Nous n’aurions jamais pu faire ça sans son aide. Je ne sais plus son prénom, mais je ne remercierai jamais assez. D’ailleurs, je lui propose de venir nous accompagner, non pas au Salar, mais après, dans le Sud Lipez. Il me dit qu’il n’y a pas de problème et qu’il prendra 35$ par jour.
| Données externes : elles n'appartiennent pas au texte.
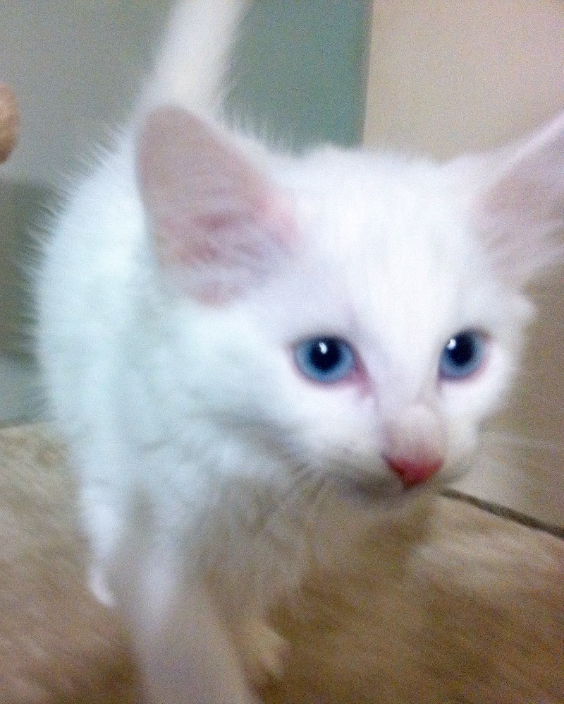 Gorgeous Snowberry (or Snozzy, as I call him!) is such a sweet little boy! He has 2 stunning blue eyes, but as a result, is also completely deaf. Not to worry though, he's ok with it, it just means he will need an extra special home!

Me sentant très redevable, je ne discute pas le prix qui est largement au dessus de la moyenne ! Nous voilà donc partis pour la traversée sur Salar d’Uyuni ! Sitôt l’Hostal do Sal passé, le paysage devient grandiose… ciel et sel se confondent… c’est magnifique, irréel, j’ai pas arrêté de mitrailler : (les autres sont sur mon site) 😉

Comme nous n’avons qu’une carte à la dimension d’un gros timbre-poste et pas de GPS, je reste malgré tout très concentré sur l’orientation et essaye de photographier dans mon esprit toutes les montagnes qui nous entourent. Nous roulons lentement pour que l’eau ne rentre pas dans le radiateur et nous marquons un arrêt tous les 10 km pour nettoyer le moteur à l’eau douce… Les heures passent et en effet nous voyons une tâche noire grossir à l’horizon : Hourra ! On y est sur cette Isla Del Pescado !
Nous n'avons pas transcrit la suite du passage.